Neither i.. i was hearing by taiwan knife group said his make beautiful hamon & yanagiba..


----------



## SilverSwarfer (Mar 31, 2019)

adam92 said:


> Neither i.. i was hearing by taiwan knife group said his make beautiful hamon & yanagiba..


The Togashi is not honyaki anyways. 

Thanks for taking the time to translate!


----------



## SilverSwarfer (Mar 31, 2019)

SilverSwarfer said:


> The Togashi is not honyaki anyways.
> 
> Thanks for taking the time to translate!

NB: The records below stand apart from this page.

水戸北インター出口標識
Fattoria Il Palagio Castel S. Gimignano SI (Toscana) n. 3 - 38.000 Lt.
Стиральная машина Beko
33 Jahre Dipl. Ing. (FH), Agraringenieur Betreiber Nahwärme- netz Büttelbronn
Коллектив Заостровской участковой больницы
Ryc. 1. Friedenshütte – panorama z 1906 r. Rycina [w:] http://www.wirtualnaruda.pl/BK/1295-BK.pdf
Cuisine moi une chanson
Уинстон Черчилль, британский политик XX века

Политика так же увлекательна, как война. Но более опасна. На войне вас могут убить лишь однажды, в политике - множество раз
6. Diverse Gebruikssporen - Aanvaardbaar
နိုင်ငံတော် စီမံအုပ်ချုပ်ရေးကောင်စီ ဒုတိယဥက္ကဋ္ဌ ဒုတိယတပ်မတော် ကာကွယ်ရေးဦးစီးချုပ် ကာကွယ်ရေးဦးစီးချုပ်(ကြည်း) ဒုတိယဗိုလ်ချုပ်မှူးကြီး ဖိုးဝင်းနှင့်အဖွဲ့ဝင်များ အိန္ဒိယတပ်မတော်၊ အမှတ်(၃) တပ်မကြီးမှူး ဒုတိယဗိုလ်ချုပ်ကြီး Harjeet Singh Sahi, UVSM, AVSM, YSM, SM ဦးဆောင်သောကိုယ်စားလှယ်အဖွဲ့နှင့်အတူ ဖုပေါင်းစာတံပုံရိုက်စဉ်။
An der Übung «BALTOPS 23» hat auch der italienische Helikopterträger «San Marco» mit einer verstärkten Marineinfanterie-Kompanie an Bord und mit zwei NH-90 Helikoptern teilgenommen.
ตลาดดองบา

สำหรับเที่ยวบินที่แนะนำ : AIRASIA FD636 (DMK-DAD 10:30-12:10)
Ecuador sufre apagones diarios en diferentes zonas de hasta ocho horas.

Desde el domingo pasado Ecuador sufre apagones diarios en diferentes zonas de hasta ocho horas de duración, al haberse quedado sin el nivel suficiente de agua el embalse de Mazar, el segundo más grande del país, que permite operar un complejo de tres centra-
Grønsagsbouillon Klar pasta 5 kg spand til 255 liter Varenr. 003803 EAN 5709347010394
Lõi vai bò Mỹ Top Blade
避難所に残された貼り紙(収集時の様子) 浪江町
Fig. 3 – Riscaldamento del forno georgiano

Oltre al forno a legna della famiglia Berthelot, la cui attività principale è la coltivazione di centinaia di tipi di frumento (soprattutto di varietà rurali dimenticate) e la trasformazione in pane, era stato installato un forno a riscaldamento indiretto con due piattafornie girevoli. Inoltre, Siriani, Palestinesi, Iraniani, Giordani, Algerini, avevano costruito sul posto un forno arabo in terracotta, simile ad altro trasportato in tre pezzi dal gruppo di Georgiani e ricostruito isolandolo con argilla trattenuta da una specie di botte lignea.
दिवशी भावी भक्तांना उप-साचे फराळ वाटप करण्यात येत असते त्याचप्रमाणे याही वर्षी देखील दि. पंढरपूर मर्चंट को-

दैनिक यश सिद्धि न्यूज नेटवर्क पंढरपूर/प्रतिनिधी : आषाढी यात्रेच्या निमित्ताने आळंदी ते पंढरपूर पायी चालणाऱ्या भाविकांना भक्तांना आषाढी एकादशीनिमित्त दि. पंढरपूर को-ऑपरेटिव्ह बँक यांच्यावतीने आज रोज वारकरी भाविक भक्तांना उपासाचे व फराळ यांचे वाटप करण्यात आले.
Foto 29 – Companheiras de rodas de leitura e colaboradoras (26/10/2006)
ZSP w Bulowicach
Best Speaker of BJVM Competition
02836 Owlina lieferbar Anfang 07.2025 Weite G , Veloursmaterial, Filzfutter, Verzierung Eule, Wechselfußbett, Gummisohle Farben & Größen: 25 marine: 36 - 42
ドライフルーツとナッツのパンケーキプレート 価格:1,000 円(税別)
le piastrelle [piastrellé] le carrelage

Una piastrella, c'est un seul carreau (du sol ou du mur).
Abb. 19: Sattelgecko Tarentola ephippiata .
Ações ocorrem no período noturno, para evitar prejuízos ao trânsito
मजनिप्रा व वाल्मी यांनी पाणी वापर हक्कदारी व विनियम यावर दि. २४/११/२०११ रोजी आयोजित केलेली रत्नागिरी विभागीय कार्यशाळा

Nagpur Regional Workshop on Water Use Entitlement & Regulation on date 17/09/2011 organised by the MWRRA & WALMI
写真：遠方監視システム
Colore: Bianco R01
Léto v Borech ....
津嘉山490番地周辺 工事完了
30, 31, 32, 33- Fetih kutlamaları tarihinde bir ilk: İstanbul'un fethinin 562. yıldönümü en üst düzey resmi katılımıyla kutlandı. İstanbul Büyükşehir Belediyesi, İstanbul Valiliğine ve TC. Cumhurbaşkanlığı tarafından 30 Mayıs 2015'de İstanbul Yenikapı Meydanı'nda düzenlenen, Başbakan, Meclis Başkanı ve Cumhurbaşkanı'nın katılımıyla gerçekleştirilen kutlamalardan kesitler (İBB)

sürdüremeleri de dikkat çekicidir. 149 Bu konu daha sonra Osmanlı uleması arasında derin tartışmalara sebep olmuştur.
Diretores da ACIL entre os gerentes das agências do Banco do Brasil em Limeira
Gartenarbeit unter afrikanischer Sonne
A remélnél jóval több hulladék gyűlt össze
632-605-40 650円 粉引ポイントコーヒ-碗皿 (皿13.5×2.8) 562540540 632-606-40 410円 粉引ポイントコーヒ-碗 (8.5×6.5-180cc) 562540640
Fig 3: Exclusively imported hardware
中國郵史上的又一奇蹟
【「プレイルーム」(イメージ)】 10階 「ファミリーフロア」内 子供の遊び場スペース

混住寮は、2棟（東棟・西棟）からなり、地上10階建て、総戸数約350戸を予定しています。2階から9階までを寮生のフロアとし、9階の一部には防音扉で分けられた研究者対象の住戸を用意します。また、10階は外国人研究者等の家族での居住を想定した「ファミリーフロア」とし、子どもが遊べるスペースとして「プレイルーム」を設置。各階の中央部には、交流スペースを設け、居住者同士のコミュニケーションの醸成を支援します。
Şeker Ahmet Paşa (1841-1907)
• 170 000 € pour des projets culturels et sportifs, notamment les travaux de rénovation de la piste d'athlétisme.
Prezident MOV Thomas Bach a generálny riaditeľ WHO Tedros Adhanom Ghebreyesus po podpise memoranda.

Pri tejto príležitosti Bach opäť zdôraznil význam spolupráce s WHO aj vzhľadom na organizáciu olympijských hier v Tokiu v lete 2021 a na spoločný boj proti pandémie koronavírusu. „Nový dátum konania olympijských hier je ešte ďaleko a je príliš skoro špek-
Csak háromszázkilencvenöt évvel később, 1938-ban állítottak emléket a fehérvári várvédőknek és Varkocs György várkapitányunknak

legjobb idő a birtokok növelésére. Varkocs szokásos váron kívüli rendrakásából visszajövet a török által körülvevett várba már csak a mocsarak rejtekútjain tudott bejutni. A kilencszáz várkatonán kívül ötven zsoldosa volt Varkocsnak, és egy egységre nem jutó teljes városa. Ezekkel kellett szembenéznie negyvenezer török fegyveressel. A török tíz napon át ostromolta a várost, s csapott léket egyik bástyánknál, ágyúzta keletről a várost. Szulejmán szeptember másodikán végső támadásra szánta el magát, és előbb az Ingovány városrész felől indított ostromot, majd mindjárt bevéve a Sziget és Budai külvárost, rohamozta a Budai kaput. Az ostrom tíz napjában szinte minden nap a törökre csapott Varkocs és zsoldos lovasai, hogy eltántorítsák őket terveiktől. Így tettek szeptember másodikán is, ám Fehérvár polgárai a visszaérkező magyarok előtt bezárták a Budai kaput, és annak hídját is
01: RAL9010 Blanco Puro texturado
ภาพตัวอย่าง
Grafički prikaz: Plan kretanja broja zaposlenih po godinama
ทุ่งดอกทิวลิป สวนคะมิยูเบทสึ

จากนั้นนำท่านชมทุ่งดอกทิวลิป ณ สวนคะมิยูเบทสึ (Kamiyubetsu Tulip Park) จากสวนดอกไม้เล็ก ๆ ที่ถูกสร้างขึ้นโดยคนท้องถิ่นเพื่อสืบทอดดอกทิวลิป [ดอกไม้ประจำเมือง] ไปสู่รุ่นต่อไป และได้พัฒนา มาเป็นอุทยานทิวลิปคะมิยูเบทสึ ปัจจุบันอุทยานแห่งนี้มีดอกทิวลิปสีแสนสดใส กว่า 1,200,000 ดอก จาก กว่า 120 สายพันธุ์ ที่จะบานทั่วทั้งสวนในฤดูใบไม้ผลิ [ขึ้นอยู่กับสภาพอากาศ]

It’s Kenichi Shiraki, the honyaki one.


----------



## tongas (Apr 19, 2019)

Hello 
Could someone id this Kanji please










Thank you and have a nice day.


----------



## Tanalasta (Apr 19, 2019)

Can anyone interpret what the Kanji on this says and if it identifies the steel or maker? I assume the box is a JNS box as it's the same as other knives I have from Maxim. However, happy to stand corrected.

https://imgur.com/tnQErd0

https://imgur.com/61dZE2y


----------



## KenHash (Apr 19, 2019)

tongas said:


> Hello
> Could someone id this Kanji please
> 
> 
> ...



Francois,
Looks like Minamoto Yasuhira .
Ken


----------



## KenHash (Apr 19, 2019)

Tanalasta said:


> Can anyone interpret what the Kanji on this says and if it identifies the steel or maker? I assume the box is a JNS box as it's the same as other knives I have from Maxim. However, happy to stand corrected.
> 
> https://imgur.com/tnQErd0
> 
> https://imgur.com/61dZE2y



All I can tell is that it's a Blue Steel honyaki gyuto.
The handwriting looks like crap.


----------



## Carl Kotte (Apr 20, 2019)

Hi,

Ok, I am going to ask for the impossible (sorry)! Can anyone tell me anything about this OLD deba I am restoring? Signs are almost invisible, so I am not too hopeful I will get much of an answer. (Better pictures would be nice, yes, but taking pictures of something almost invisible is not easy!).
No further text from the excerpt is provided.